See Terminal Five chaos threat over fingerprint plan: Commissioner tells passengers to protest at security measures

The Commissioner's office says passengers ordered to give their prints should do so "under protest" and that such a scheme would normally be considered "intrusive".

It has launched an investigation into whether BAA "took account of the data protection implications of its proposal".

Unless Heathrow provides evidence that the move is necessary, the Commissioner has the power to order it to stop fingerprinting passengers or face legal action.

BAA claim that the Government has forced them to do it, presumably to try to pretend that mass fingerprint scanning is somehow a normal part of life for innocent people, and to try to soften up public opposition to the wretched Identity Cards / National Identity Register centralised database scheme.

Even if you believe that the "fingerprint data will be encrypted", why does it need to be stored for as long as 24 hours ? Why is not immediately deleted once someone has been checked at the departure gate ? What legitimate use it at any time thereafter ?

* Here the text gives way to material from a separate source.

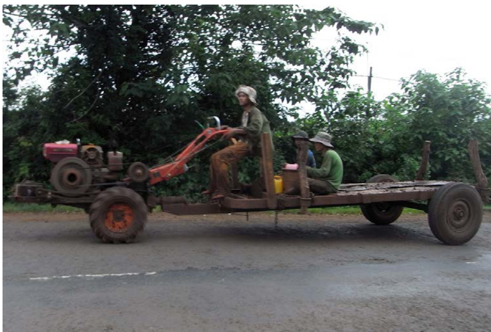
写真3 耕耘機に荷台をつけた運搬車（ザーライ省ブレイク市、2012年9月）

One of the top threats to National Security, even according to Gordon Brown is an influenza or other transmissible infectious disease pandemic, spread worldwide by airline travellers,

This scheme actually runs counter to the UK Government's

single overarching national security objective of protecting the United Kingdom and its interests, enabling its people to go about their daily lives freely and with confidence, in a more secure, stable, just and prosperous world.

See National Security Strategy - bias, omissions and weasel words

How exactly does the increased risk of spreading infectious diseases, from having to physically touch the biohazardous scum, full of bacteria, fungal spores and viruses, which certainly will accumulate on the surfaces of the heavily used fingerprint scanning equipment , actually enhance our individual or national security ?

If doctors, nurses, dentists, tattooists etc. have to sterlise their hands before touching another person, then why should public mass transit fingerprint scanners somehow be magically immune from being sources of infection ?

If fingerprint scanning is to be used, then there needs to be an expensive human operator in attendance at each checkpoint to ensure that it is far more difficult for fake fingerprints to be used by criminals and to clean and sterlise the surfaces of the equipment to preserve public health and national and international biosecurity, however, it appears that the Terminal 5 setup is to try to use cheapskate unattended, unsterilsed fingerprint equipment.

Comments

BAA has temporarily shelved the fingerprinting plans

http://www.teletext.co.uk/news/national/1f95acd010ef1f76ab08c0141bd4f8ac/BAA+rules+out+fingerprinting.aspx

"Airport operator BAA will not be taking fingerprints of passengers using Heathrow's £4.3bn Terminal 5 following doubts over the legality of the plan."


@ Doctor_Wibble - thanks for the comment - see the next blog article:
Terminal 5 fingerprinting temporarily delayed - bio-safety and computer security worries still remain

Presumably "temporarily shelved " means, like everything else involving this unpopular Labour Government, "until after the May 1st Local Elections".